*** SUPPLIED RECORDS Section Begins ***

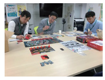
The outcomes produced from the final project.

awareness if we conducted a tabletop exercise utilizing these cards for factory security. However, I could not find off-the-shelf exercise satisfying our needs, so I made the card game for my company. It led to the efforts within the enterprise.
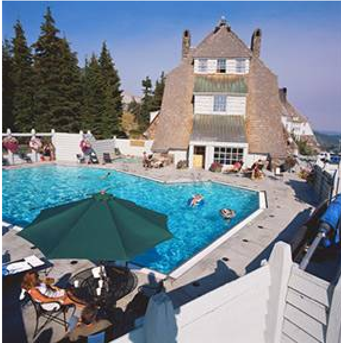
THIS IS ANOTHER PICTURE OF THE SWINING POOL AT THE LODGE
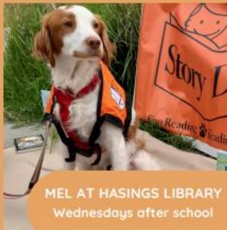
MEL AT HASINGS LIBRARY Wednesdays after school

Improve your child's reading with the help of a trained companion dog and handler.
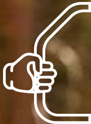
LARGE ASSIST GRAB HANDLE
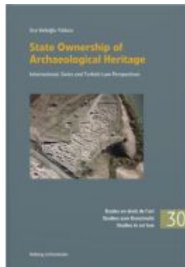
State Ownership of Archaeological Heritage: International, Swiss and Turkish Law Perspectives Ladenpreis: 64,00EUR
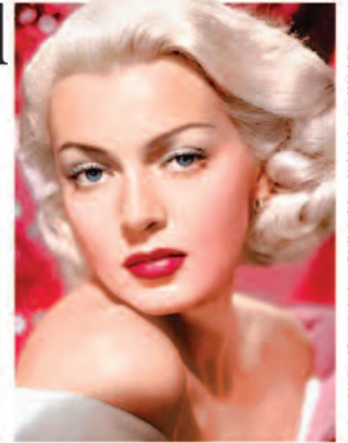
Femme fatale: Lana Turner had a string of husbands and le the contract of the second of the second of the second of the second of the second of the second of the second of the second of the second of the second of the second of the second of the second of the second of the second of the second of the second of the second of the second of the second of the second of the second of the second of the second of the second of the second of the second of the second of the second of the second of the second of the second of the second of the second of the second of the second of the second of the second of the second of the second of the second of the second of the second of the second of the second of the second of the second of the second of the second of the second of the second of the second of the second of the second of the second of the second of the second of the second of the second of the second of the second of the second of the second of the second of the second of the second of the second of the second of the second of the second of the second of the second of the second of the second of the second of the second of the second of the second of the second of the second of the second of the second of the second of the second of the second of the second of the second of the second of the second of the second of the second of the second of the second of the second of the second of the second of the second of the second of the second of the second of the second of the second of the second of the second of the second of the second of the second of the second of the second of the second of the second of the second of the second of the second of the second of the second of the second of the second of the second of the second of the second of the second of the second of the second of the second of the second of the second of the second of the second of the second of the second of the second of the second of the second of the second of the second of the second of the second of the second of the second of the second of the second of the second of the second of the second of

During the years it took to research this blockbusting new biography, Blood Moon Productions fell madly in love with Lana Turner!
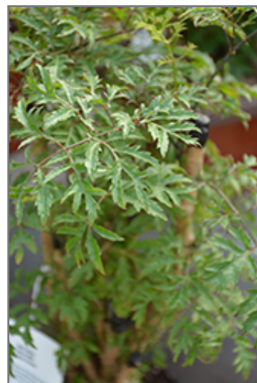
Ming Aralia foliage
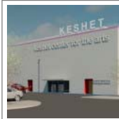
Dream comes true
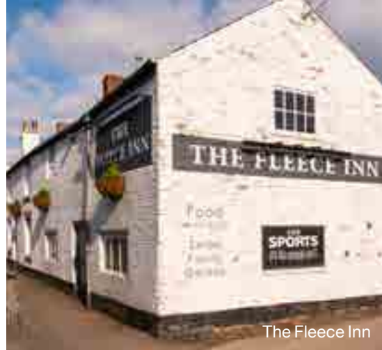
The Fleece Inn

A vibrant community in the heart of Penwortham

*** SUPPLIED RECORDS Section Ends ***
*** SUPPLIED RECORDS Section Begins ***

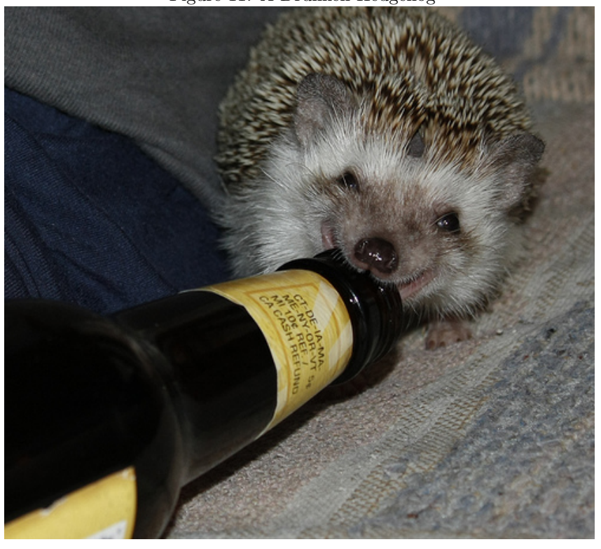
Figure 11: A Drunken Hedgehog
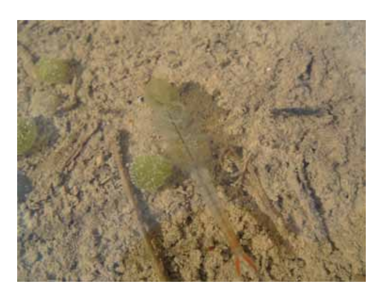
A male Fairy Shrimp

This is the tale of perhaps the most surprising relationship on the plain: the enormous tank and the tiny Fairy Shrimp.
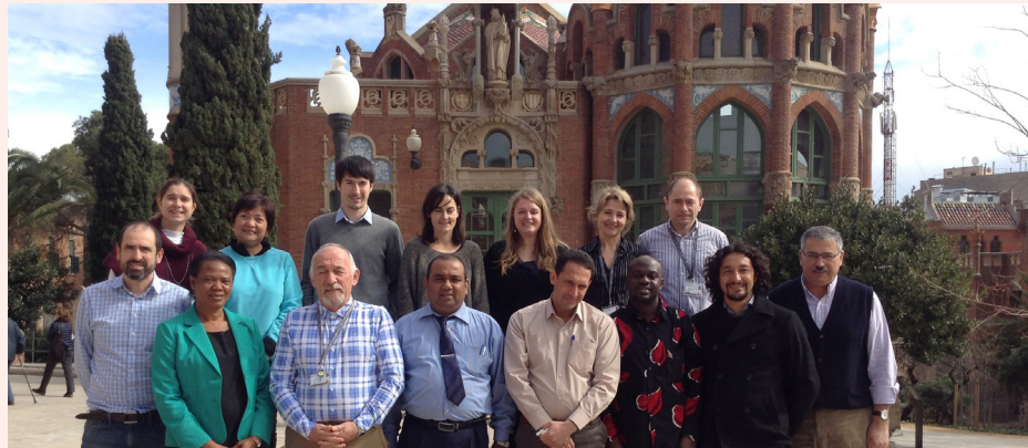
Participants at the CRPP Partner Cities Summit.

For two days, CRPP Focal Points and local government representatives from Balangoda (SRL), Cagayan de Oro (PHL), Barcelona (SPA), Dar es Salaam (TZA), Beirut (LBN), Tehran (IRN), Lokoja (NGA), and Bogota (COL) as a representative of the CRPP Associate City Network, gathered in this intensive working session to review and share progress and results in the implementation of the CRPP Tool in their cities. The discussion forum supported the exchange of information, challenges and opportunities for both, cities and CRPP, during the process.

*** SUPPLIED RECORDS Section Ends ***

_BRIEF_
Skip every picture, and restate word for word only the lines above from the line containing "THIS IS ANOTHER" to the line containing "State Ownership of", both of them included.

_SOLUTION TO THIS EXERCISE_
THIS IS ANOTHER PICTURE OF THE SWINING POOL AT THE LODGE
MEL AT HASINGS LIBRARY Wednesdays after school

Improve your child's reading with the help of a trained companion dog and handler.
LARGE ASSIST GRAB HANDLE
State Ownership of Archaeological Heritage: International, Swiss and Turkish Law Perspectives Ladenpreis: 64,00EUR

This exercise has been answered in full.